Set down, word for word, each line from the top of the data through the line that has "Navy Blue Argyle"; omit every picture.

____________

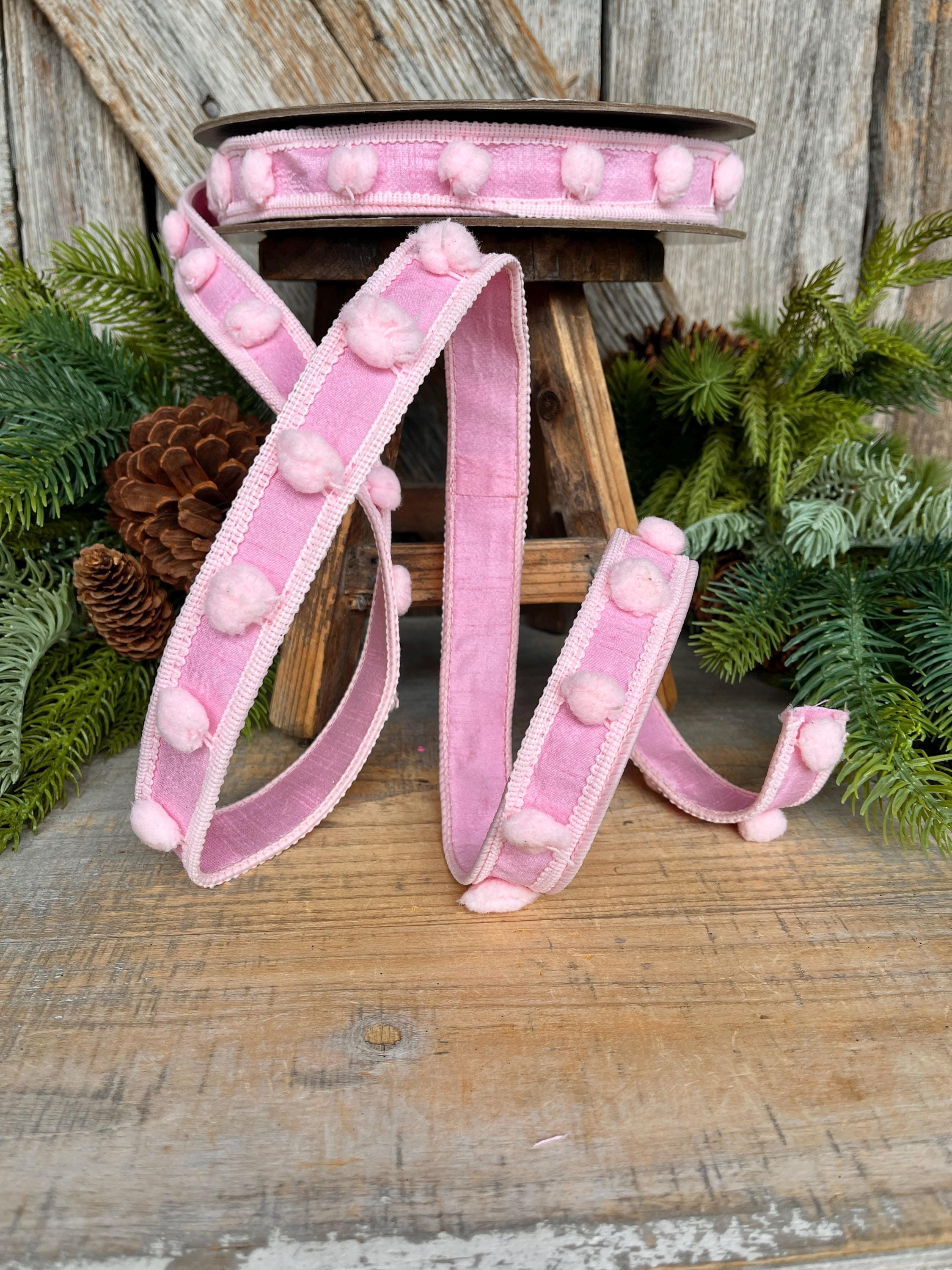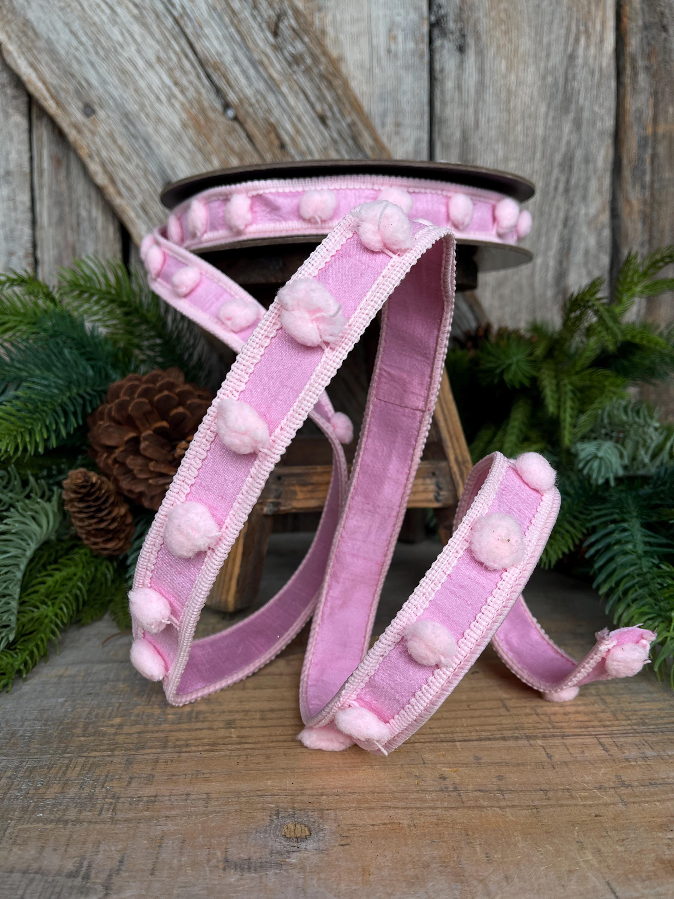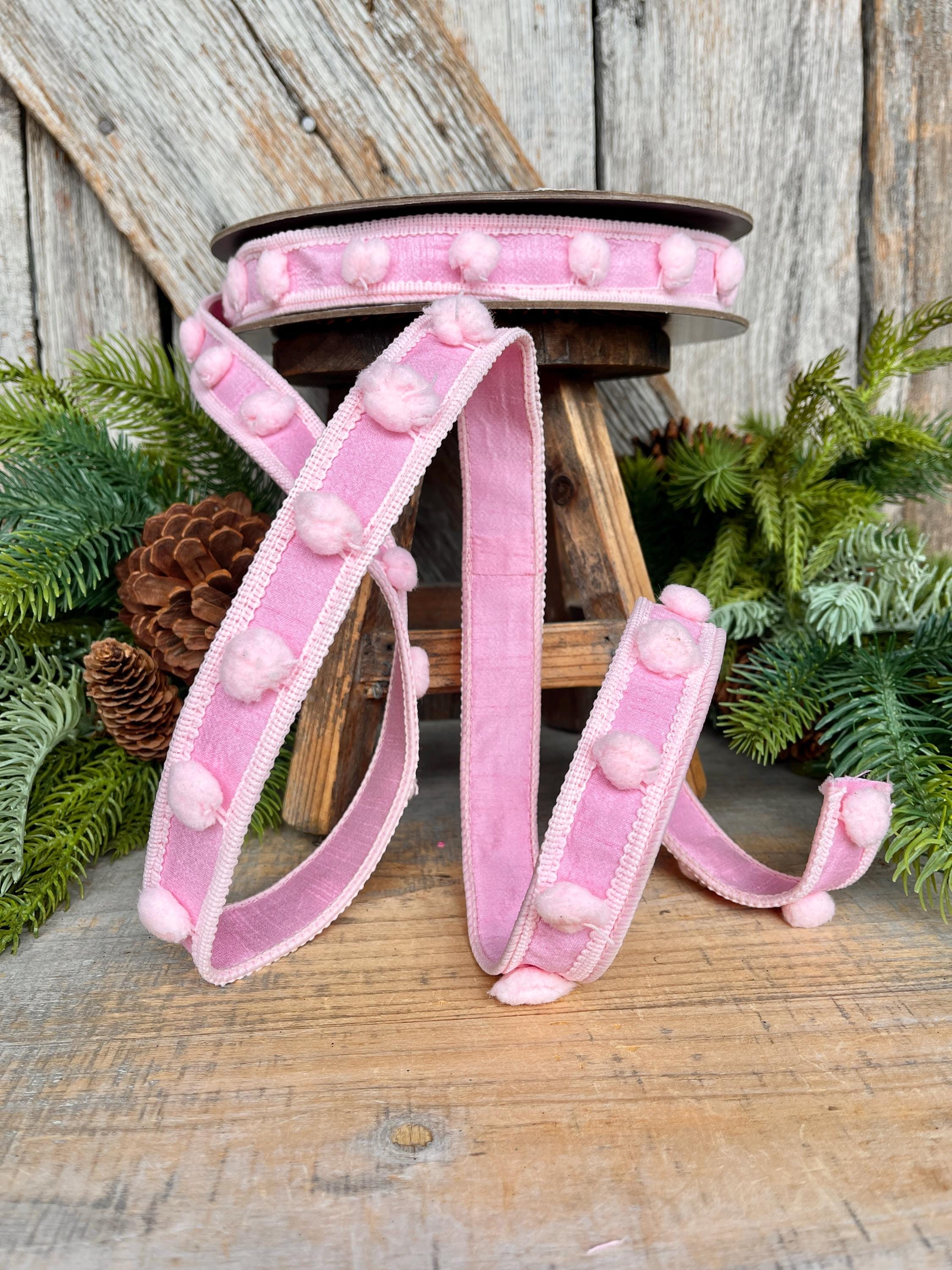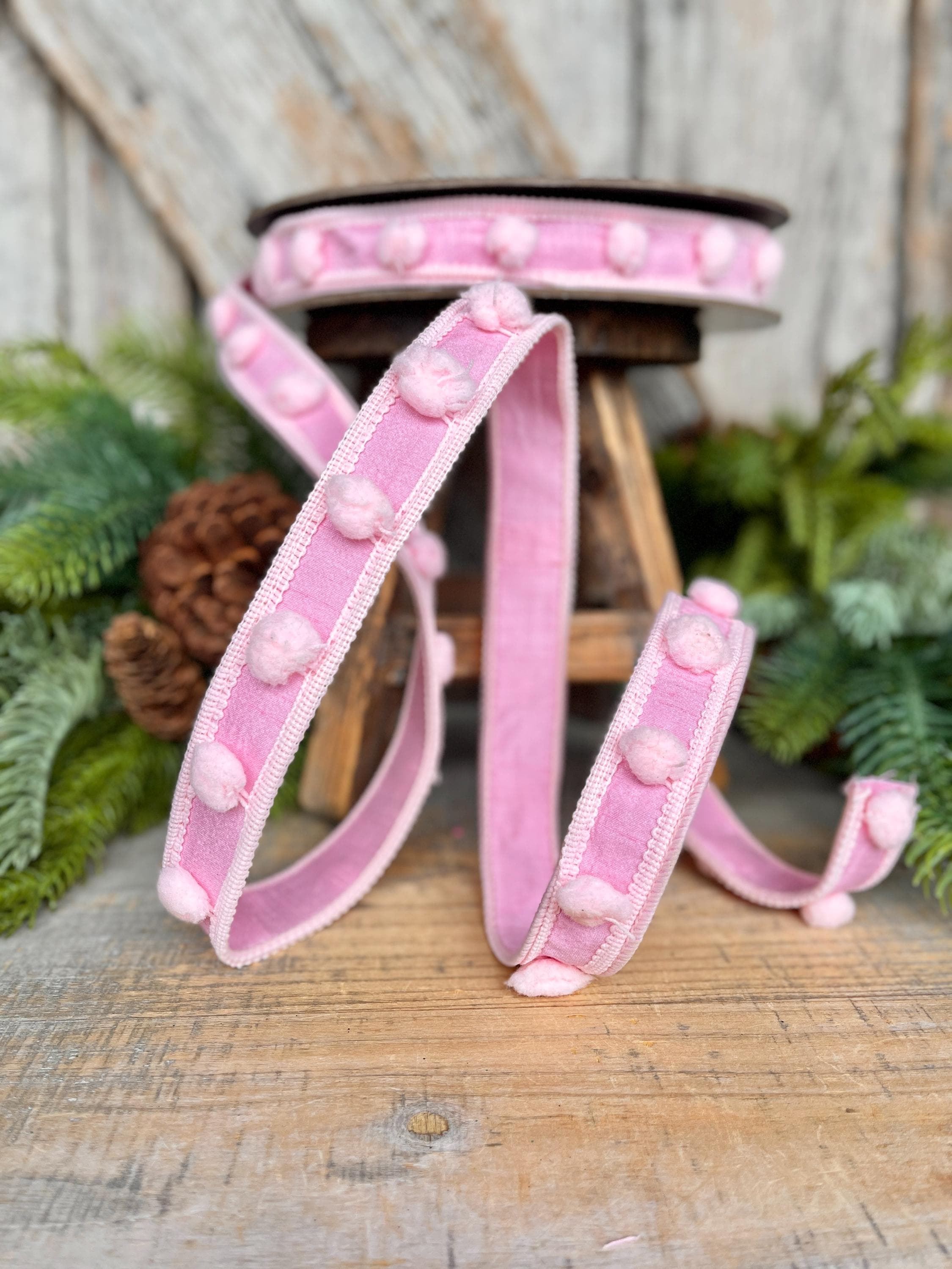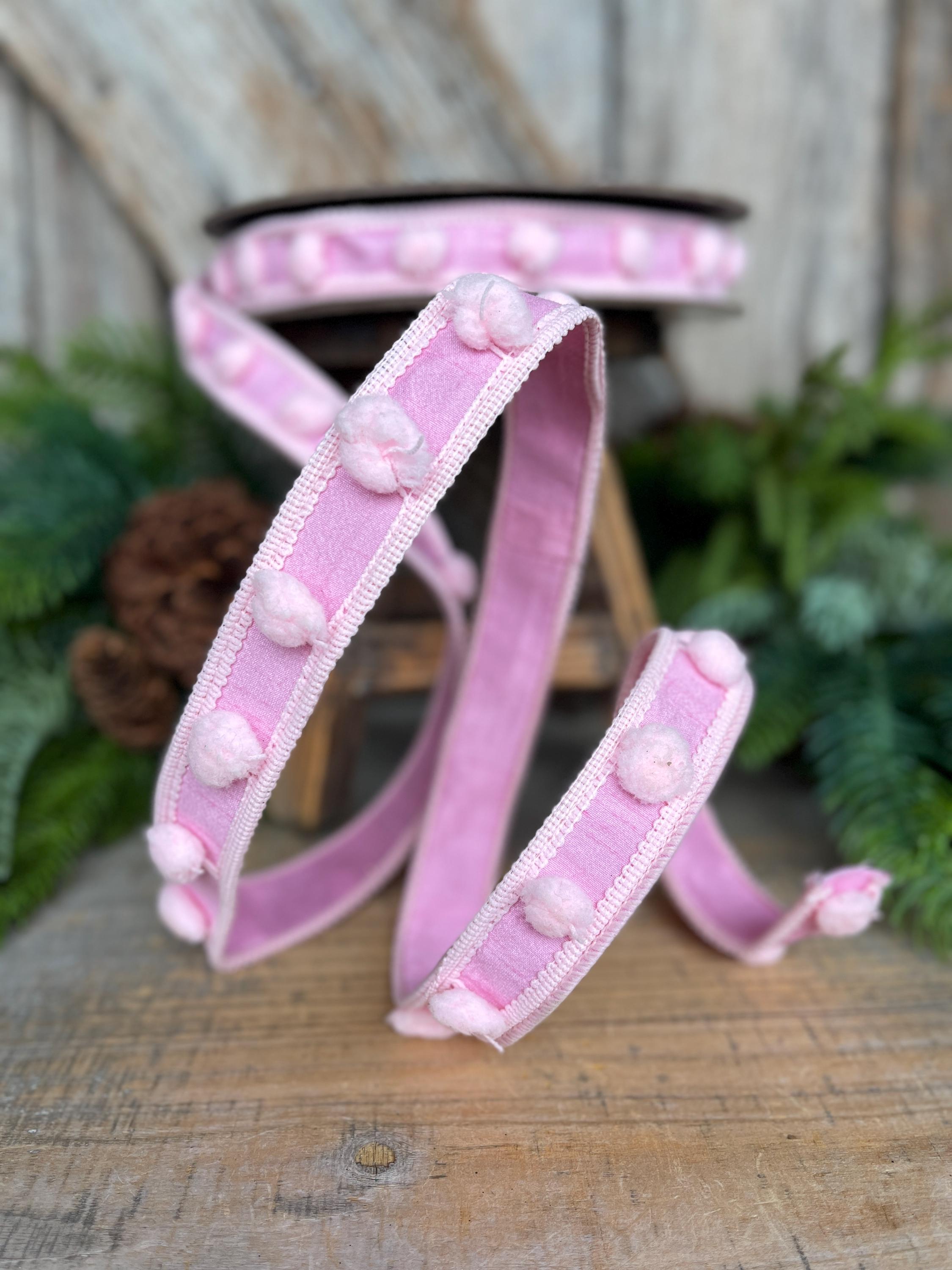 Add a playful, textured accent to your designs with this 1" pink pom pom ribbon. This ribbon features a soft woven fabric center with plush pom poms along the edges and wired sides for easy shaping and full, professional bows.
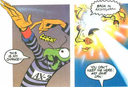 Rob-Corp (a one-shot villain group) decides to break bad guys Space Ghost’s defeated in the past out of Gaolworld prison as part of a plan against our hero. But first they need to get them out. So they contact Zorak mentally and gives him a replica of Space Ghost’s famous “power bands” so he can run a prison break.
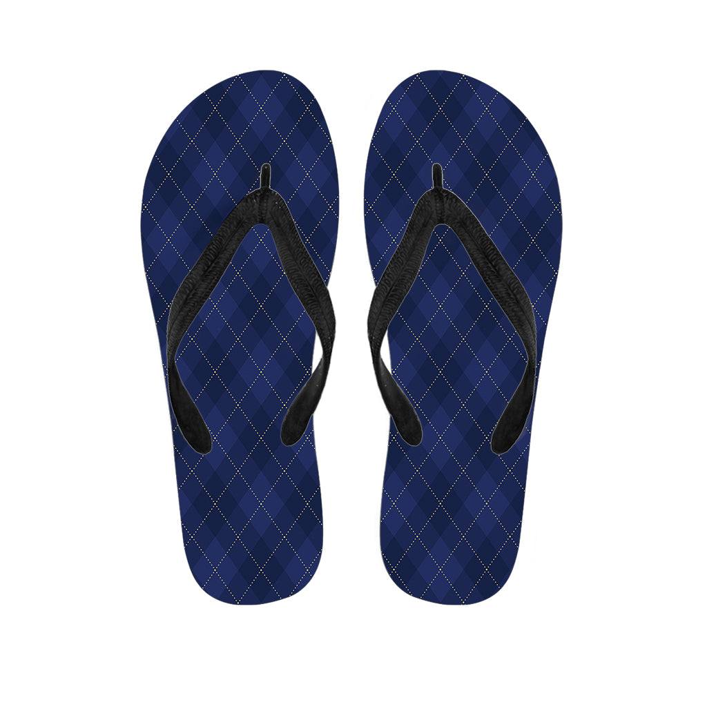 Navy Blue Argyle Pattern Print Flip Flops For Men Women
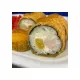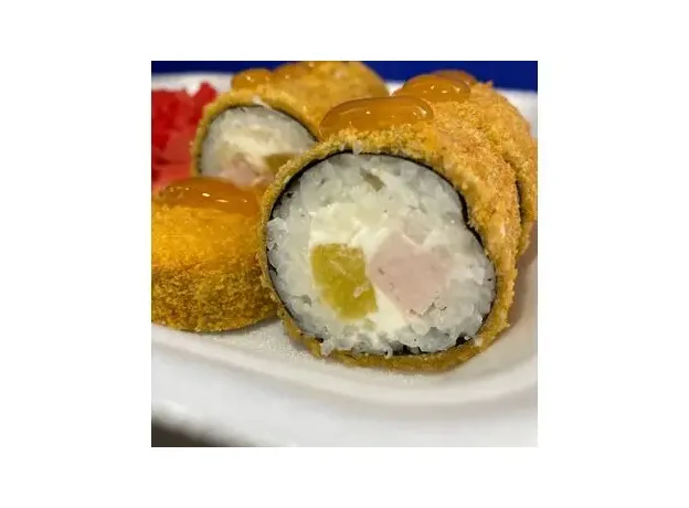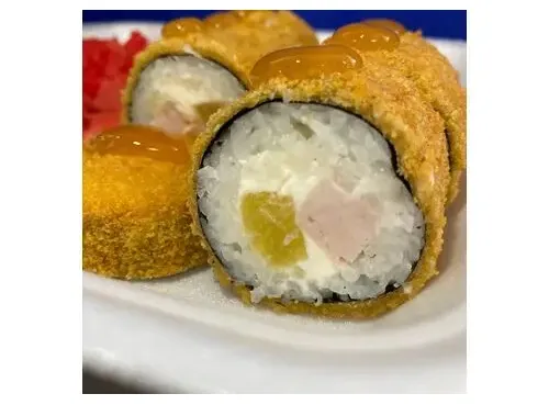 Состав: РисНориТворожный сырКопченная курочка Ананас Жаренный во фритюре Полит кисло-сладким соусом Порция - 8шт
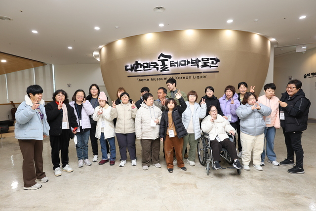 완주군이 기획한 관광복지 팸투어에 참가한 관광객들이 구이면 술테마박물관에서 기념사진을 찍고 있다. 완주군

____________

YOUR SOLUTION
 Add a playful, textured accent to your designs with this 1" pink pom pom ribbon. This ribbon features a soft woven fabric center with plush pom poms along the edges and wired sides for easy shaping and full, professional bows.
 Rob-Corp (a one-shot villain group) decides to break bad guys Space Ghost’s defeated in the past out of Gaolworld prison as part of a plan against our hero. But first they need to get them out. So they contact Zorak mentally and gives him a replica of Space Ghost’s famous “power bands” so he can run a prison break.
 Navy Blue Argyle Pattern Print Flip Flops For Men Women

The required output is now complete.